交互式在线版本: 在 Colab 中打开

使用 NumPyro 进行基于文本的理想点建模

Szymon Sacher & Keyon Vafa 本笔记本复现了基于文本的理想点模型 (Vafa, Naidu & Blei, 2020)

本笔记本设计用于在 Google Colab 上运行。

重要提示:为了保存此代码和您的结果,请确保将其复制到您的个人 Google 云端硬盘。在“文件”下,选择“在云端硬盘中保存副本”。

使用此 Colab 笔记本运行基于文本的理想点模型 (TBIP) TBIP 模型 的 NumPyro 实现,并处理政治文本语料库。 GitHub 仓库更完整

另请参见此笔记本基于的 Tensorflow 实现

TBIP 是一个无监督的概率主题模型,它通过分析文本来量化其作者的政治立场。该模型不使用政党或投票数据,也不需要任何按意识形态标记的文本。给定政治文本语料库和每篇文档的作者,TBIP 估计作者的潜在政治立场,以及每主题的词语选择如何随着作者的政治立场变化(“意识形态主题”)。请参阅论文了解更多信息

入门

首先,确保您正在使用 GPU 运行此 Colab。转到“运行时”菜单,然后点击“更改运行时类型”。如果“硬件加速器”显示为“无”或“TPU”,请更改为“GPU”。点击“保存”即可开始。此外,如第一个单元格所述,请确保将此代码复制到您的个人 Google 云端硬盘。

安装 NumPyro

NumPyro 是一个概率编程框架,由 JAX 提供支持,用于 GPU/TPU/CPU 上的自动微分和即时编译。

[1]:
%%capture
%pip install numpyro==0.10.1
%pip install optax

克隆 TBIP 仓库

下面我们克隆 TBIP 的 GitHub 仓库。数据位于此处。

[2]:
! git clone https://github.com/keyonvafa/tbip
fatal: destination path 'tbip' already exists and is not an empty directory.

超参数和初始化

我们首先设置一些超参数。我们将主题数 \(K = 50\) 固定。我们还设置一个随机种子以确保结果的可复现性。

[3]:
from jax import random

num_topics = 50
rng_seed = random.PRNGKey(0)

下一个单元格提供了数据目录。下面单元格中的目录链接到 tbip 仓库中第 114 届参议院会议的演讲。

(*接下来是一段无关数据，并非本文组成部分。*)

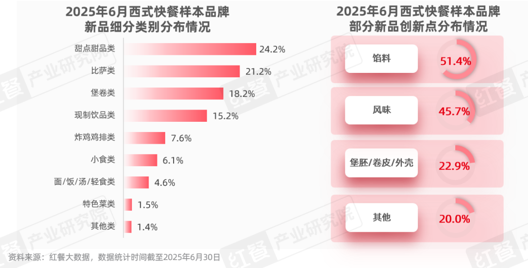 2025年6月,红餐产业研究院监测的西式快餐品牌中有20个品牌共推出了66款新品。从新品的细分类别来看,当月新品涵盖的类别有甜点甜品类、比萨类、堡卷类、现制饮品类等9种。

要使用您自己的语料库,请将以下四个文件上传到 Colab 工作目录:

  • counts.npz:一个 [num_documents, num_words] 稀疏 CSR 矩阵,包含每篇文档的词频。

  • author_indices.npy:一个 [num_documents] 向量,其中每个条目是一个整数,属于集合 {0, 1, ..., num_authors - 1},表示 counts.npz 中对应文档的作者。

  • vocabulary.txt:一个 [num_words] 长度的文件,其中每行表示词汇表中的对应词。

  • author_map.txt:一个 [num_authors] 长度的文件,其中每行表示语料库中某位作者的姓名。

请参阅 参议院演讲干净数据,了解参议院演讲这四个文件的示例。 我们的设置脚本 包含从未处理的参议院演讲数据创建这四个文件的示例代码。

重要提示:如果您使用自己的语料库,在将四个文件上传到 Colab 工作目录后,请将以下行更改为 data_dir = '.'

[4]:
import numpy as np
from scipy import sparse

import jax
import jax.numpy as jnp

dataPath = "tbip/data/senate-speeches-114/clean/"

# Load data
author_indices = jax.device_put(
    jnp.load(dataPath + "author_indices.npy"), jax.devices("gpu")[0]
)

counts = sparse.load_npz(dataPath + "counts.npz")

with open(dataPath + "vocabulary.txt", "r") as f:
    vocabulary = f.readlines()

with open(dataPath + "author_map.txt", "r") as f:
    author_map = f.readlines()

author_map = np.array(author_map)

num_authors = int(author_indices.max() + 1)
num_documents, num_words = counts.shape

在论文中,参数使用 泊松分解 进行预初始化。大多数时候,我们发现这对于学习到的理想点没有太大区别,但有助于解释意识形态主题。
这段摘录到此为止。